Miss Gilchrist’s murder led to the arrest and conviction of an innocent man. But after nearly 20 years in prison, he was exonerated, thanks to Arthur Conan Doyle, creator of the greatest fictional detective in English literature, Sherlock Holmes. In The Case of Oscar Slater, he dissected the evidence, much as Holmes would have done, and his book ultimately led officials to review the case and free the man.

On the night of the murder, the family living in the flat below had heard a loud thud and three knocks coming from above – the knocks being a signal Miss Gilchrist had prearranged with the family in case she needed help. The head of the family, Arthur Adams, went up to see what had happened. He rang the bell, to no avail. Miss Gilchrist’s servant, Helen Lambie, who had gone out for about 10 minutes to buy the evening newspaper, arrived and unlocked the flat door. A “well-dressed” man came out of the spare bedroom, walked past Lambie and Adams without saying anything, went downstairs, and left the house. Lambie then discovered the dying Miss Gilchrist in the dining room.

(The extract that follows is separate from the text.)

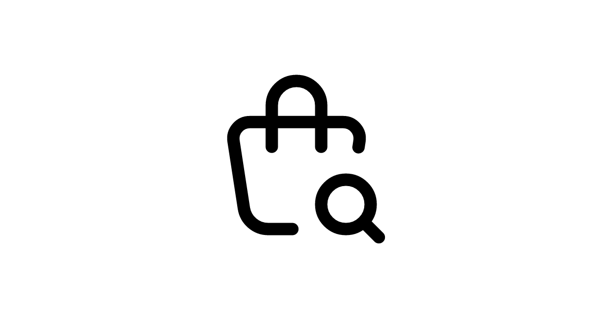 The shopping-bag-search icon represents a shopping bag with a search or find symbol, often used to indicate searching for items in a cart or inventory.

Neither Lambie nor Adams recognized the man, and neither could give a definite description of him. Adams described him as “well-featured and clean-shaven.” Just before the discovery of the murder, Adams’s sister had seen a man loitering in front of the house. This man had “a long nose, with a most peculiar dip.” Another description, given a few days after the murder, came from 15-year-old Mary Barrowman, who claimed she had seen a man running down the steps of the house on the night of the murder. He had a “nose slightly turned to the right.” Neither Lambie nor Adams had mentioned any peculiarities in the nose of the man they saw.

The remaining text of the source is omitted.